Starting with Microsoft Office 2007, the Office Open XML file formats (ECMA-376) have become the default[2] file format of Microsoft Office.[3][4]



In 2000, Microsoft released an initial version of an XML-based format for Microsoft Excel, which was incorporated in Office XP. In 2002, a new file format for Microsoft Word followed.[5] The Excel and Word formats – known as the Microsoft Office XML formats – were later incorporated into the 2003 release of Microsoft Office.

Microsoft announced in November 2005 that it would co-sponsor standardization of the new version of their XML-based formats through Ecma International, as "Office Open XML".[6]

Standardization process

Microsoft submitted initial material to Ecma International Technical Committee TC45, where it was standardized to become ECMA-376, approved in December 2006.[7]

This standard was then fast-tracked in the Joint Technical Committee 1 of ISO and IEC.

After initially failing to pass, an amended version of the format received the necessary votes for approval as an ISO/IEC Standard as the result of a JTC 1 fast tracking standardization process that concluded in April 2008.[8] The resulting four part International Standard (designated ISO/IEC 29500:2008) was published in November 2008[9] and can be downloaded from the ITTF.[10] A technically equivalent set of texts is published by Ecma as ECMA-376 Office Open XML File Formats - 2nd edition (December 2008); they can be downloaded from their web site.[11]

The ISO standardization of Office Open XML was controversial and embittered, with IBM threatening to leave standards bodies that it said allow dominant corporations like Microsoft to wield undue influence.
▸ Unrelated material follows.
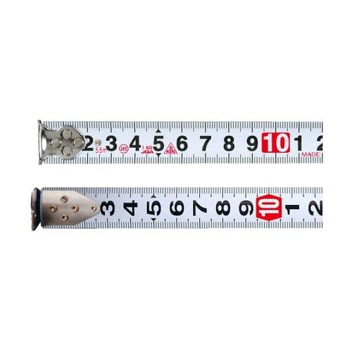 裏面は高さ測定しやすい縦目盛です。テープ引き込み時に減速が可能なダブルブレーキ機構付です。あらゆる寸法測定に。 |
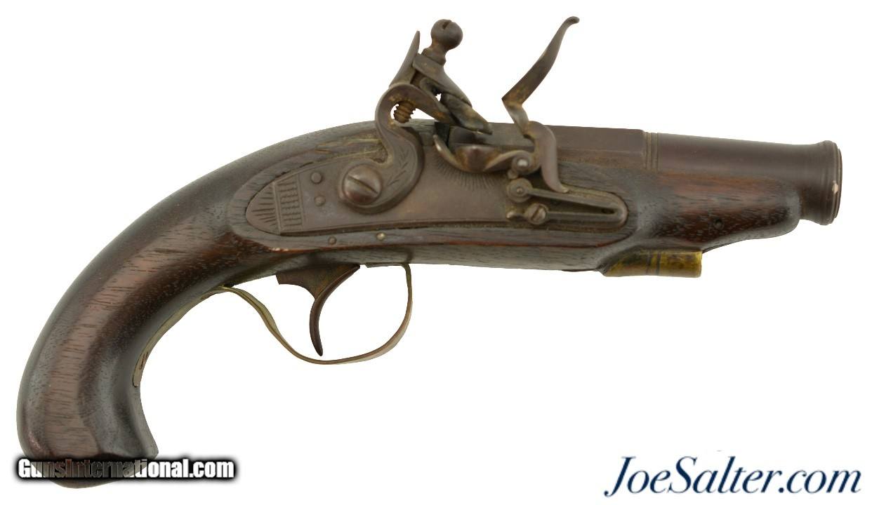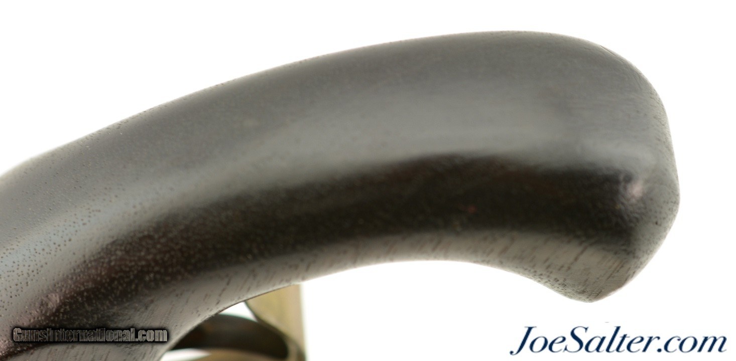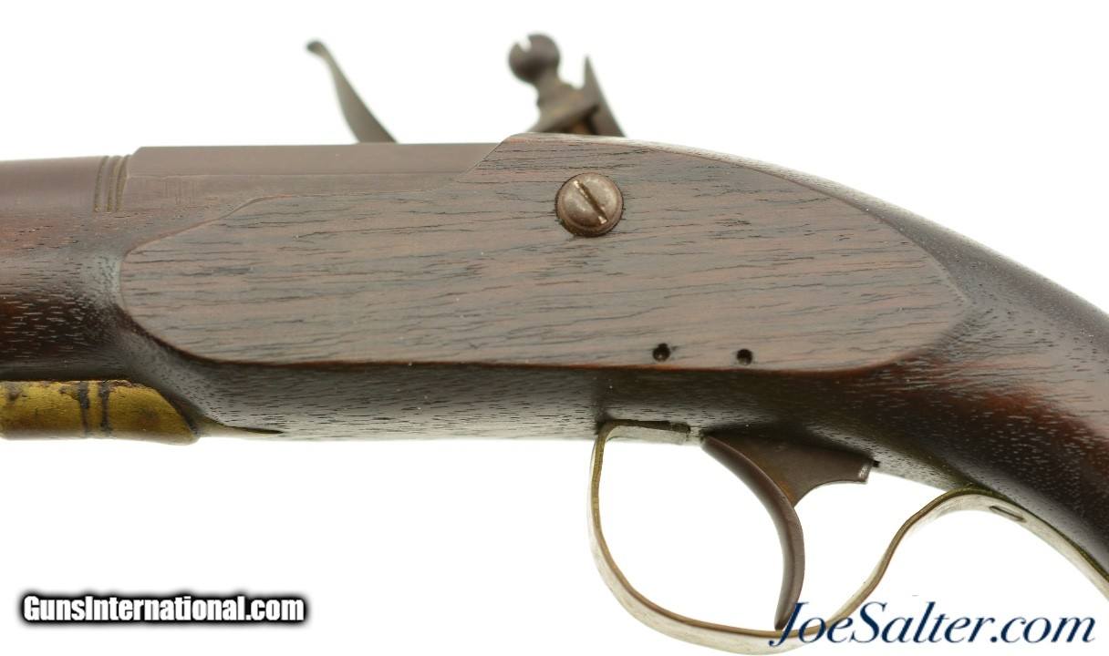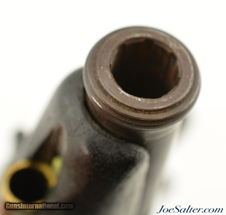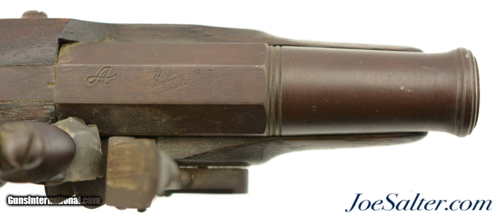 Description: Art Holly was an early 1960s builder of modern muzzle-loading guns in the traditional American style. His firearms are noted for their high quality, especially considering they were made by hand. He reportedly only made a total of 9 pistols, making any surviving example a rare find. This example is in very good to excellence, original flintlock condition and of small, early, Lancaster "Kentucky Pistol" form. Octagonal-to-round, rifled, pin-fastened, .45 caliber, 3 1/2" barrel with a wedding-band barrel-transition and a cannon-form muzzle. Retains almost all of the original brown finish with light oxidation in the barrel. The wooden stock is in fine condition with hardly a blemish and excellence patina. The lock plate is embellished as is the hammer and under the pan. Mechanically has a strong mainspring with a worn trigger sear and will not stay at full cock most of the time. The ramrod is missing. Over-all a nice small flintlock pistol from a famous maker.; Antique: Yes Price: $589.00 Contact Seller |

Microsoft was accused of co-opting the standardization process by leaning on countries to ensure that it got enough votes at the ISO for Office Open XML to pass.[12]


Under the Ecma International code of conduct in patent matters,[13] participating and approving member organisations of ECMA are required to make available their patent rights on a Reasonable and Non Discriminatory (RAND) basis.

Microsoft, the main contributor to the standard, provided a Covenant Not to Sue[14] for its patent licensing. The covenant received a mixed reception, with some (like the Groklaw blog) criticising it[15] and others (such as Lawrence Rosen, an attorney and lecturer at Stanford Law School) endorsing it.[16]

Microsoft has added the format to their Open Specification Promise[17] in which

"Microsoft irrevocably promises not to assert any Microsoft Necessary Claims against you for making, using, selling, offering for sale, importing or distributing any implementation to the extent it conforms to a Covered Specification [...]"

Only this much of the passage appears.